[WHAT IS BEING ASKED] Repeat every line of the data exactly; the pictures stay out.

[Stored dataset items]
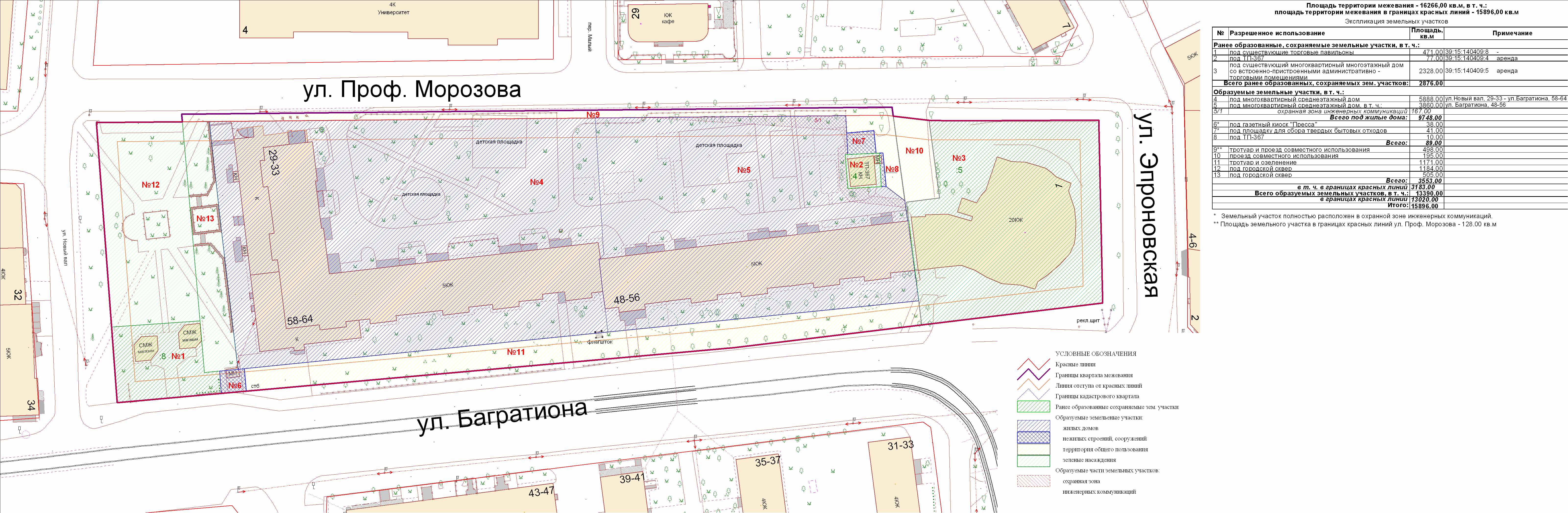 | Проект межевания территории в границах красных линий ул. П. Морозова – ул. Киевская | Публичные слушания по проекту межевания территории в границах красных линий ул. П. Морозова – ул. Киевская состоятся 24.04.2012 г. в 18.00 в помещении администрации Московского района (ул. Октябрьская, 79, каб. 311) | Проект границ Проект границ откорректированный по итогам публичных слушаний | ||
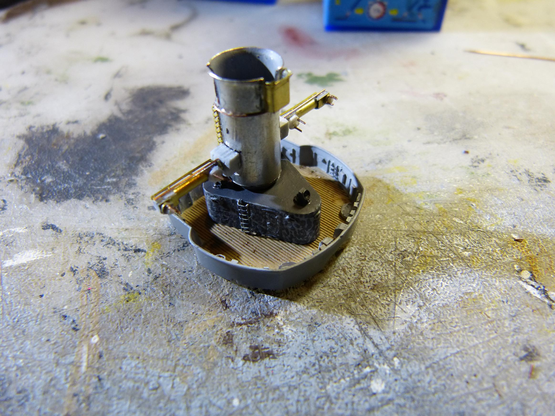 Fertige Admiralsbrücke mit Unterteil verbunden, Kabelkanäle links und rechts mussten gescratcht werden.
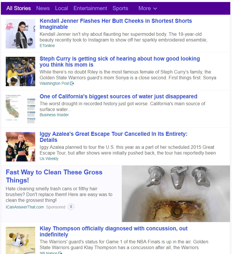 예를 들어 YAHOO.COM 사례를 살펴보겠습니다. 이전 (미니멀리즘 이전) 야후의 메인 페이지를 살펴보면 상위에 있는 뉴스와 바로 아래 있는 뉴스 사이에 실선의 경계선으로 상위 컨텐츠와 하위 컨텐츠 여부를 시각적으로 구분해 줬습니다.
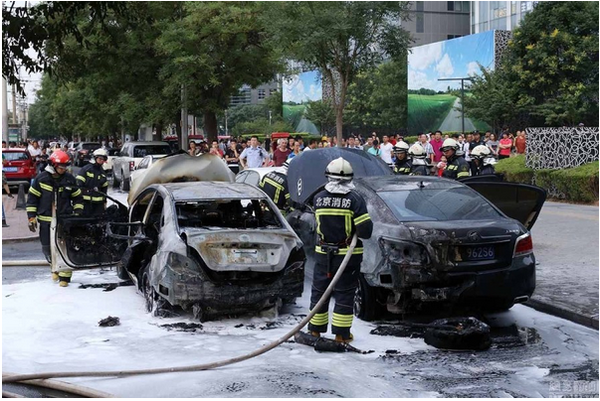 6月26日,北京,當日下午六點多鐘,北京三里屯工人體育場北路發生一起汽車自燃事件,火災殃及到旁邊的另一汽車,由于消防人員及時趕到將火撲滅,事故未造成人員傷亡。
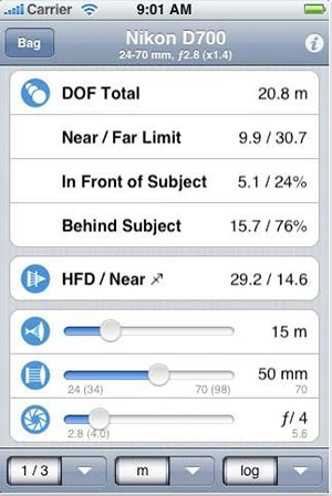 Ứng dụng này giúp bạn tính toán độ sâu trường ảnh và khoảng cách từ ống kính đến tiêu điểm. Tất cả các giá trị và thông số được hiển thị trên màn hình đơn để dễ dàng truy cập vào tất cả thông tin kỹ thuật bạn cần.
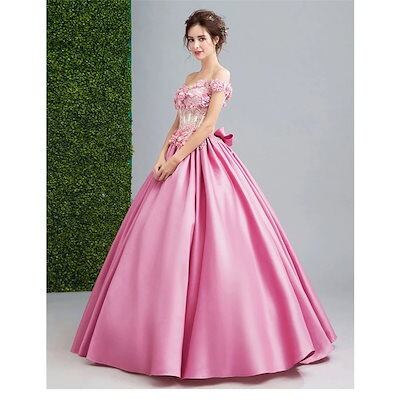 ウェディングドレス花嫁 お呼ばれドレス大きいサイズパーティードレス結婚式司会者演奏会用ロングドレス 花柄編み上げドレスライン オフショルダードレス綺麗
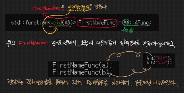 std::function<void(A&)> FirstNameFunc = &A::AFunc;
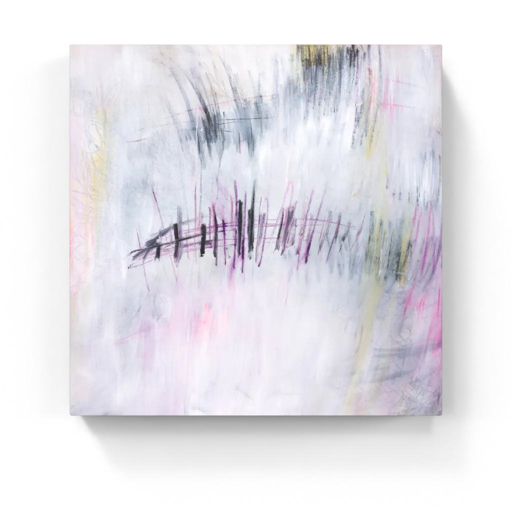 Scratchy lines and vertical streaks cut through a hazy field of lavender, blush, and smoky white. This abstract painting hums with subtle tension, layering gesture, texture, and quiet chaos.
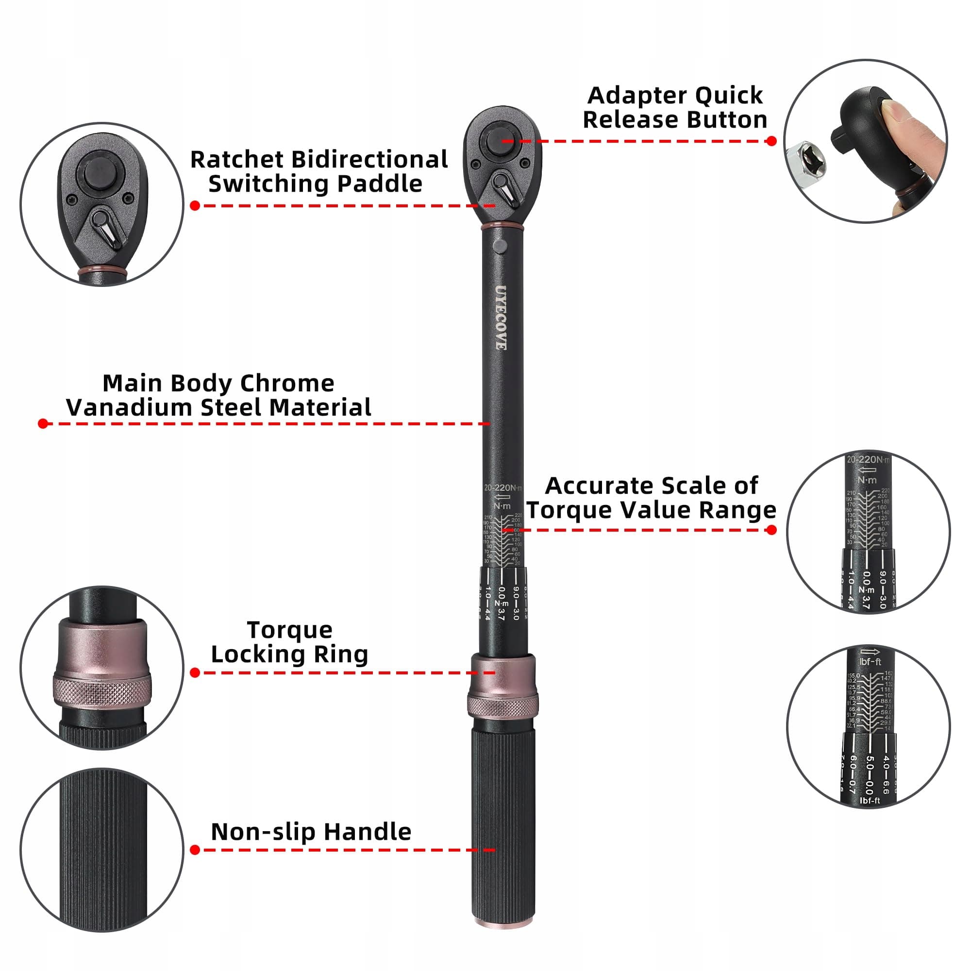 UYECOVE Klucz Dynamometryczny 1/2" 20-220Nm Zestaw Do Aut i Motocykli
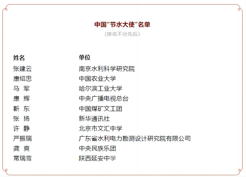 据了解,中国“节水大使”选聘工作由水利部、全国人大环境与资源保护委员会、全国政协人口资源环境委员会、教育部联合开展,旨在深入推进国家节水行动,加强节水宣传教育,提升全民节水意识。经过调查评估、征询本人和所在单位意见、会议综合评议、社会公示等环节,共遴选出10名来自不同领域、具有较高知名度影响力且热心公益事业、社会形象良好的中国“节水大使”。
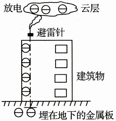 6. (广州中考)如图所示,带负电的云层靠近建筑物上的避雷针时,向避雷针剧烈放电形成雷电。下列说法正确的是(
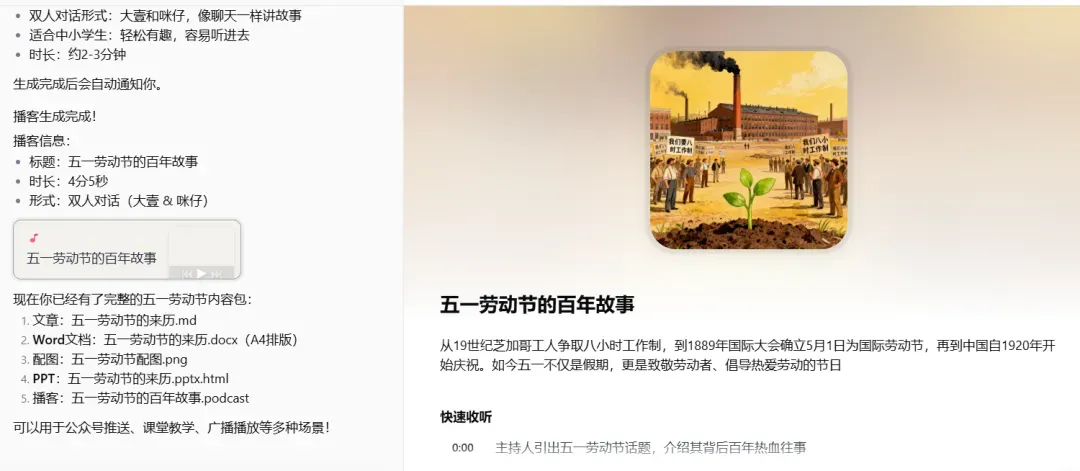 4、【字节】扣子2.5——文章一键全自动变7种格式,支持网页、播客、PPT、文章配图等等; -

[ANSWER TO THIS PROBLEM]
 | Проект межевания территории в границах красных линий ул. П. Морозова – ул. Киевская | Публичные слушания по проекту межевания территории в границах красных линий ул. П. Морозова – ул. Киевская состоятся 24.04.2012 г. в 18.00 в помещении администрации Московского района (ул. Октябрьская, 79, каб. 311) | Проект границ Проект границ откорректированный по итогам публичных слушаний | ||
 Fertige Admiralsbrücke mit Unterteil verbunden, Kabelkanäle links und rechts mussten gescratcht werden.
 예를 들어 YAHOO.COM 사례를 살펴보겠습니다. 이전 (미니멀리즘 이전) 야후의 메인 페이지를 살펴보면 상위에 있는 뉴스와 바로 아래 있는 뉴스 사이에 실선의 경계선으로 상위 컨텐츠와 하위 컨텐츠 여부를 시각적으로 구분해 줬습니다.
 6月26日,北京,當日下午六點多鐘,北京三里屯工人體育場北路發生一起汽車自燃事件,火災殃及到旁邊的另一汽車,由于消防人員及時趕到將火撲滅,事故未造成人員傷亡。
 Ứng dụng này giúp bạn tính toán độ sâu trường ảnh và khoảng cách từ ống kính đến tiêu điểm. Tất cả các giá trị và thông số được hiển thị trên màn hình đơn để dễ dàng truy cập vào tất cả thông tin kỹ thuật bạn cần.
 ウェディングドレス花嫁 お呼ばれドレス大きいサイズパーティードレス結婚式司会者演奏会用ロングドレス 花柄編み上げドレスライン オフショルダードレス綺麗
 std::function<void(A&)> FirstNameFunc = &A::AFunc;
 Scratchy lines and vertical streaks cut through a hazy field of lavender, blush, and smoky white. This abstract painting hums with subtle tension, layering gesture, texture, and quiet chaos.
 UYECOVE Klucz Dynamometryczny 1/2" 20-220Nm Zestaw Do Aut i Motocykli
 据了解,中国“节水大使”选聘工作由水利部、全国人大环境与资源保护委员会、全国政协人口资源环境委员会、教育部联合开展,旨在深入推进国家节水行动,加强节水宣传教育,提升全民节水意识。经过调查评估、征询本人和所在单位意见、会议综合评议、社会公示等环节,共遴选出10名来自不同领域、具有较高知名度影响力且热心公益事业、社会形象良好的中国“节水大使”。
 6. (广州中考)如图所示,带负电的云层靠近建筑物上的避雷针时,向避雷针剧烈放电形成雷电。下列说法正确的是(
 4、【字节】扣子2.5——文章一键全自动变7种格式,支持网页、播客、PPT、文章配图等等; -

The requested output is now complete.